Born in Victoria, British Columbia, Wilkinson grew up in his hometown located on the southern tip of Vancouver Island. As a teenager, he was impressed by Anglo-Catholicliturgy and provided services to the Christ Church Cathedral, then entered the university, and became more interested in religious life and decided to seek ordination to the priesthood. After graduating, Wilkinson received a permit from the Anglican bishop of British Columbia to enter an Anglo-Catholic seminary in England run by the Community of the Resurrection religious order. In 1965, he was ordained and became a member of the order.

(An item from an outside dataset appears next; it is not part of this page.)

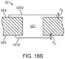 For therivet127 after it is placed in thehole22 the side opposite the head is subjected to a swaging process. With reference toFIG. 18B there is shown in cross-section thedeformed rivet127′ in thehole22. Therivet127′ has ahead127a′ that extends from thesurface22aby an amount h2. The length h2 may be about 25 microns, between 25 and 50 microns or between 5 and 50 microns. The same dimensions apply to atail127b′ that extends from the opposite surface of the link (e.g., luminal surface). The diameter of thehead127a′ can be larger than the tail, or thetail127b′ diameter can be larger than thehead127a′ diameter. The tail portion is formed from the extended shank length that protrudes from the link surface by swaging. Thetail127b′ is formed by swaging. For example, therivet127 is placed in fromsurface22a(abluminal side) so that a significant portion of the shank length, e.g., 50% of the strut thickness, extends from the luminal side. A cylindrical mandrel (not shown) is placed through the scaffold's bore. This mandrel has an outer diameter slightly less than an inner diameter of the scaffold and provides a swaging surface to form thetail127b′. The mandrel is rolled back and forth over shank portion extending form the luminal surface. This motion causes the shank material to flatten out around the hole, thereby producing thetail portion127b′. The resultingrivet127′ is secured in place, at least in part, by thetail portion127b′ resisting forces tending to push the rivet towards the abluminal side of the hole and thehead portion127a′ resisting forces tending to push the rivet towards the luminal side of thehole22. As shown, the deformation of the shank produces thetail127b′ having a flange disposed on thesurface22b.The flange may be circular like the head and may have a flange radial length greater or less than the radial length of the flange of thehead127a′.

As a priest in England, in 1968 Wilkinson had what he calls a zeitgeist. Unhappy with the evolution of the liturgy and English society, he left England and returned to Canada, convinced that the Anglican Diocese of British Columbia would welcome him. However, he was rejected because of his Catholic views. In addition, he realized that the changes that took place in England were also happening in Canada: women ordained as priests, the church recognized divorced and remarried people and "gender neutral" language was becoming common in liturgies. In 1977, Wilkinson left the Anglican Communion to join the Traditional Anglican Communion, a church influenced by the Oxford Movement, including the writings of John Henry Newman, and the thinking of Cardinal Joseph Ratzinger. On 21 October 1999, Wilkinson was consecrated as a bishop and wrote to Cardinal Ratzinger to explain that "the basis of his teaching is the catechism of the Catholic Church" and "his desire to return to full communion with the Holy See". The futurePope Benedict XVI replied and sent him an autographed copy of his book The Spirit of the Liturgy. On 10 January 2005, upon the retirement of then Bishop Robert W. S. Mercer, CR, Wilkinson became metropolitan bishop of the Anglican Catholic Church of Canada.
In 2007, he participated in the synod of the Traditional Anglican Communion which unanimously voted for full communion with Rome. In 2009, Pope Benedict XVI published the apostolic constitution Anglicanorum coetibus. In November 2011, Wilkinson became bishop of the Our Lady of Walsingham Ordinariate, composed of clergy and parishes who were preparing to enter the Roman Catholic Church. In January 2012 the Pope created the Personal Ordinariate of the Chair of Saint Peter. Thus, after 50 years of priesthood and almost 13 years as bishop in the Anglican tradition, Wilkinson became a Roman Catholic as a layman. On April 15, he made his profession of faith and received communion for the first time as a Catholic, along with Carl Reid, at a ceremony officiated by Monsignor Richard Gagnon at St Andrew's Cathedral in Victoria. On 8 December, the feast of the Immaculate Conception, he was ordained as a priest of the Personal Ordinariate of the Chair of Saint Peter, administered by Monsignor Jeffrey Steenson. A month later, the Pope appointed Wilkinson a Prelate of Honor, thus granting him the title of "monsignor". He serves in the Church of Saint Columba of Iona in Victoria - a small wooden parish church for a century and leased to Anglicans - until 2014, when he officially retires himself.